You find the discs right where you remembered them being, resting on top of a stack of your brother's files. You captchalogue the disc with your handy DICHOTOMOUS MODUS, which allows you to access your items via dichotomous key. Proceeding back upstairs, you discover that your other friend Alicia has been pestering you. Alicia's the one who's playing with Richard, right? You pester her, having the conversations we've seen previously. Looks like she's back.
-- voraciousFoliage [VF] began pestering tranquilGrammarian [TG] at 06:10 --
VF: Hey
TG: Hey.
VF: So
VF: There's a doll here
VF: The svperheroe statve
VF: The covch :D
VF: Some leftovers on the covnter
TG: I like the superhero.
TG: Anything else?
TG: Sorry for being kind of away, I got to write this 300 word diary on our adventure so far on a little piece of paper.
VF: :D
VF: Vmm
TG: Couch seems dumb, and I already got a dude in there.
VF: Holy ****
VF: Vhat the hell
VF: Is that....
VF: Is that a stvffed racoon?
VF: D:
TG: Oh.
TG: You saw that right.
TG: Hey, actually, chuck that baby in the ball.

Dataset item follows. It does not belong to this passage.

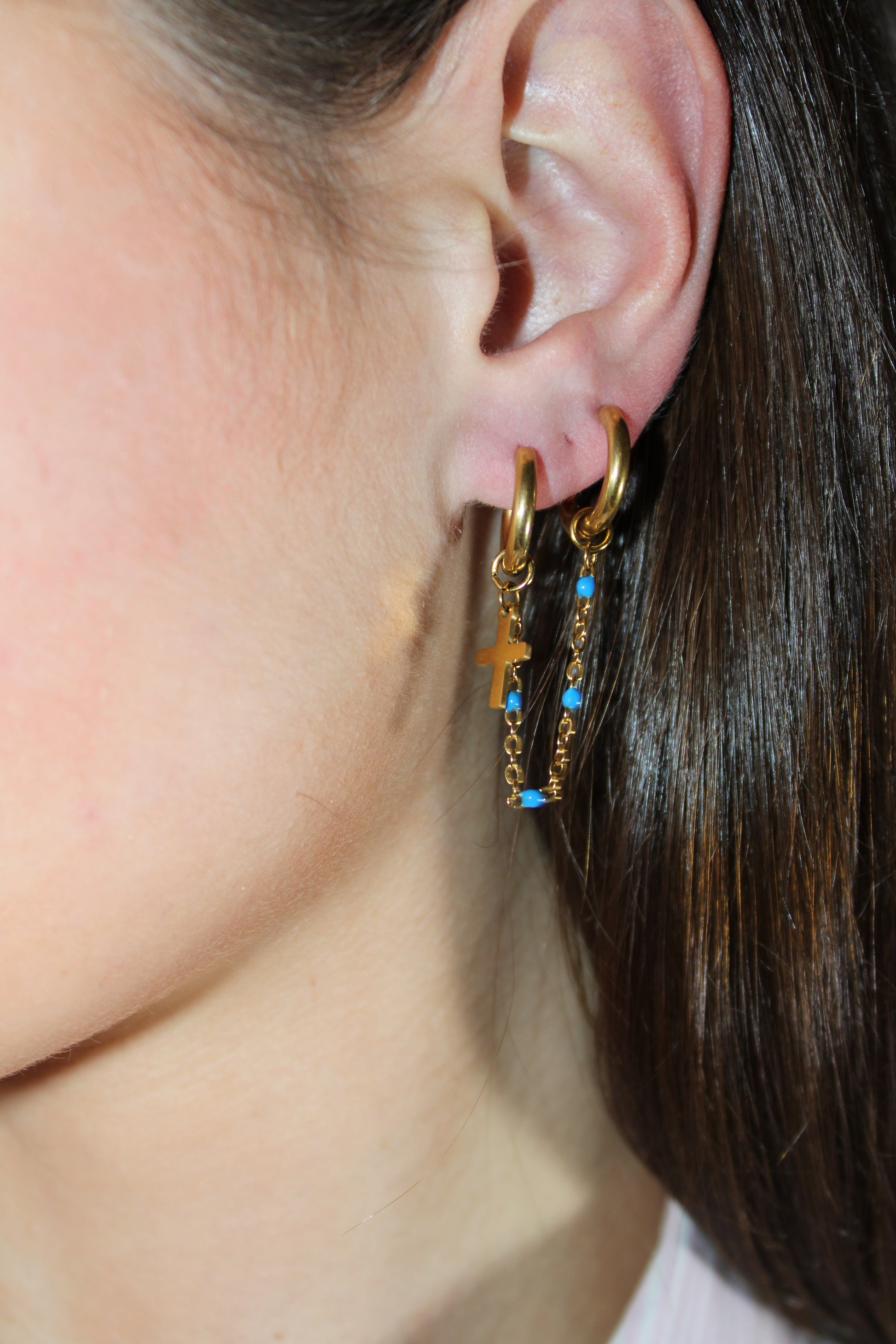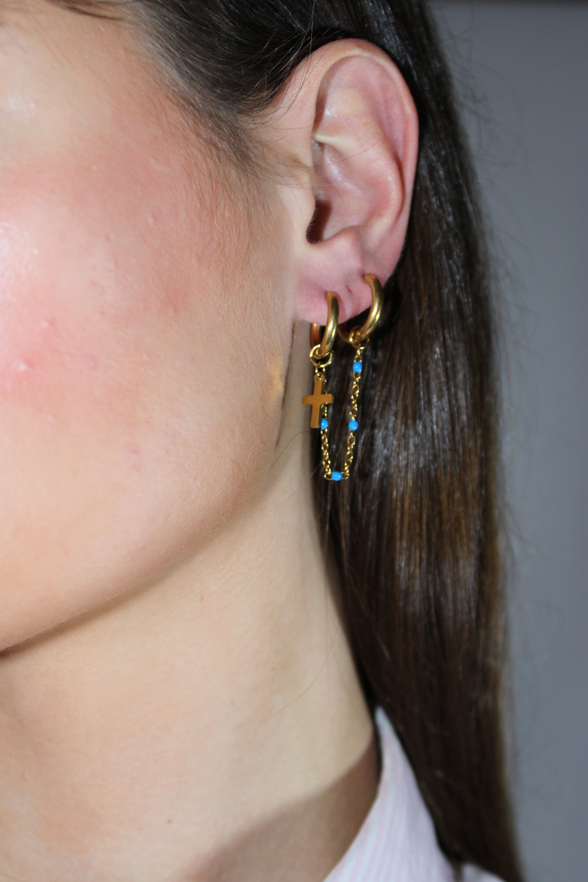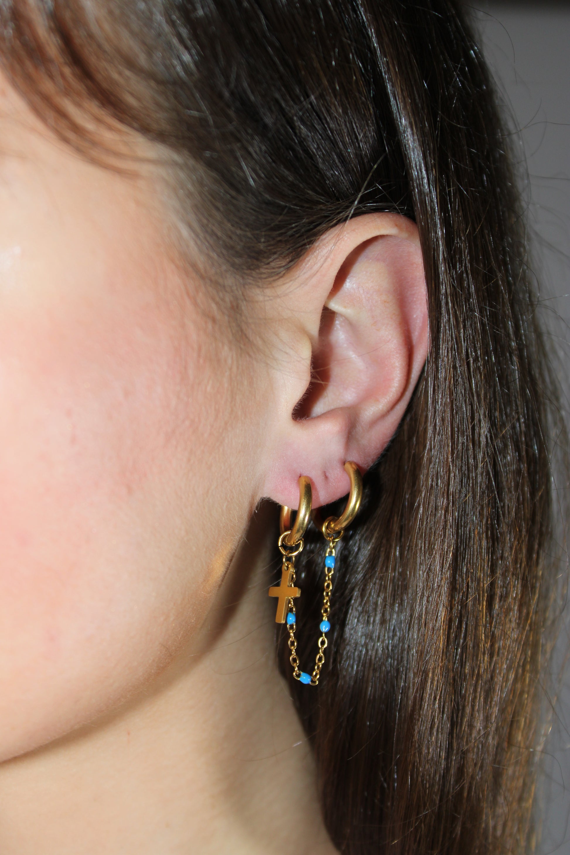 Ces boucles d'oreilles en acier inoxydable allient élégance et originalité. Leur design en chaînettes dorées est rehaussé de touches multicolores, apportant une note dynamique et festive à votre look. Légères et confortables, elles se portent aussi bien au quotidien que lors d'occasions spéciales. Un bijou fantaisie parfait pour ajouter une touche de couleur et de modernité à votre style !

TG: Throw in the raccoon and the superhero :DD
VF: Vmm
VF: Vhy...
VF: Nevermind
TG: I'll brb, gotta finish this damn thing.
VF: I'm not going to asc
VF: I'll pvt the racoon in first
VF: Dammit
VF: The ball's avoiding it..
VF: There ve go
TG: Alright. Hang on, I'm almost ready.While you wait for your friend to finish, you notice something out of the corner of your eye. You move out to your window and gaze out at the lush green forest.
The heat of the perpetual summer is even more overwhelming than usual. You suspect this has something to do with the forest fire encroaching on your home from all directions.